CTESIAS, a celebrated physician, a native of Cnidus in Caria, a famed seat of medical knowledge. He was a contemporary of Xenophon. He was for about seventeen years resident at the court of Artaxerxes Mnemon, in Persia, as private physician. How he came there is not certain. Diodorus says he was a prisoner of war, retained and honoured because of his medical s kill. The manner of his leaving, too, is disputed. He states himself that, desiring to return to his native city, he asked and obtained leave of the king. Ctesias wrote a great history of Persia, long since lost—there are fragments of it in Diodorus, Athenæus, Plutarch, &c.; and a treatise on India. Of this, as of the other, there is an abridgment in Photius.—J. B.

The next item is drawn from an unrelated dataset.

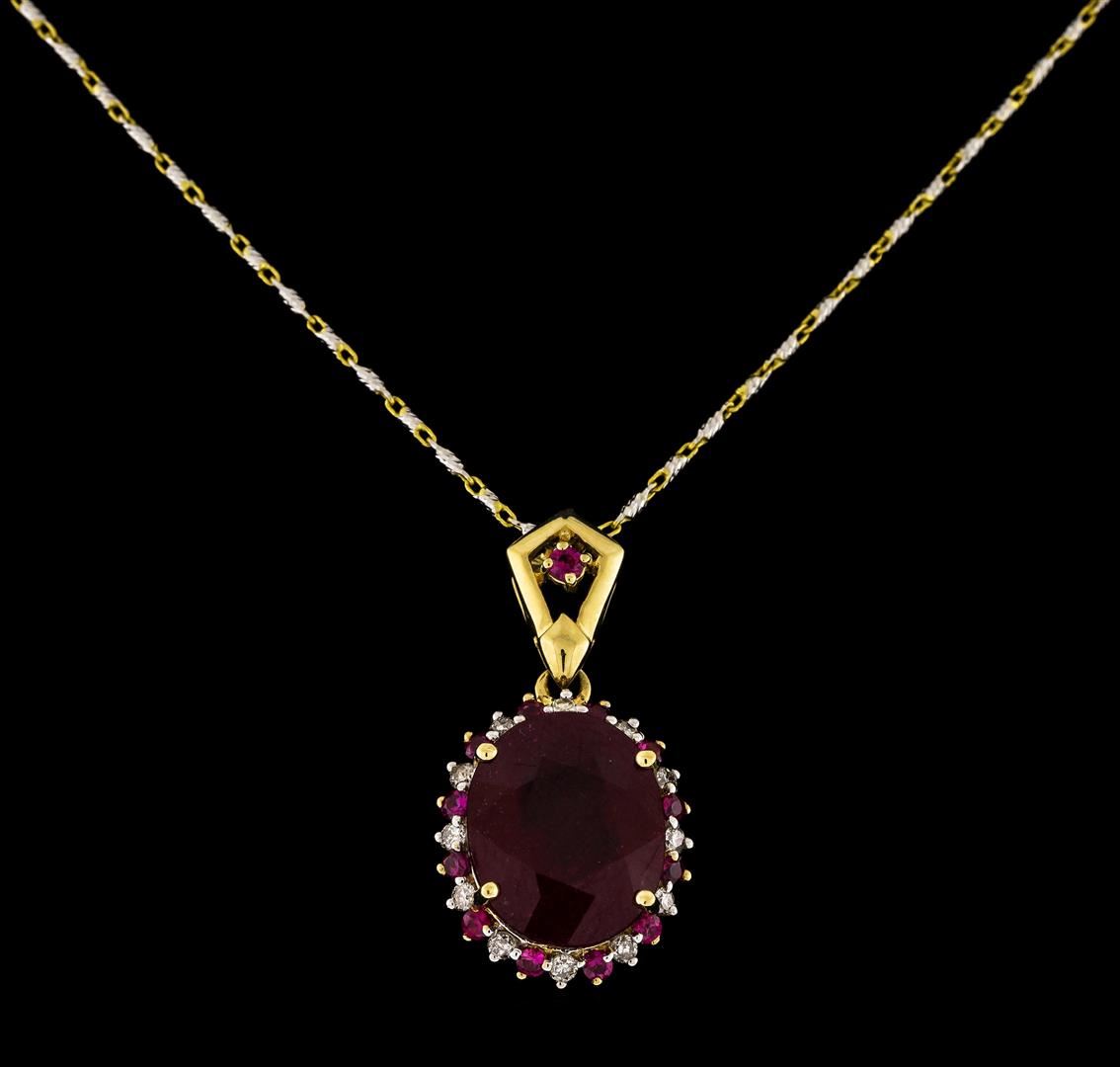14KT Two Tone Gold 6.51ctw Ruby and Diamond Pendant with Chain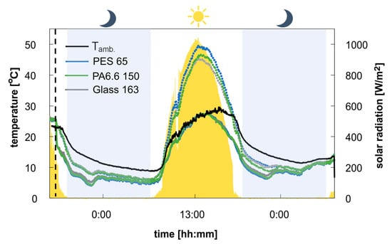 The temperature difference is measured for the coated and uncoated system on three different substrate materials PES 65, Glass 163, and PA6.6 150 for >24 h (see Figure 9).

CUBIÈRES, Simon Louis Pierre, Marquis de, a French naturalist, was born at Roquemaure on 12th October, 1747, and died at Paris on 10th August, 1821. He was first a page of Louis XV., then a captain of cavalry. He was a man of the world and a courtier, and at the same time devoted attention to science. He had a good mineralogical collection, a chemical laboratory, and a small botanic garden. He made an excursion to Rome and Naples, and descended into the crater of Vesuvius. He also visited Sweden, and examined the scientific collections there. He accompanied Louis XVI. to Paris on 6th October, 1789, and on that occasion his hat was struck by a bullet intended for the king. He was afterwards imprisoned at Versailles. On his release, he went to Rome as one of the commissioners appointed to preside over the conveyance of the works of art in painting and sculpture; and he subsequently was appointed conservator of the statues in the Versailles garden.—J. H. B.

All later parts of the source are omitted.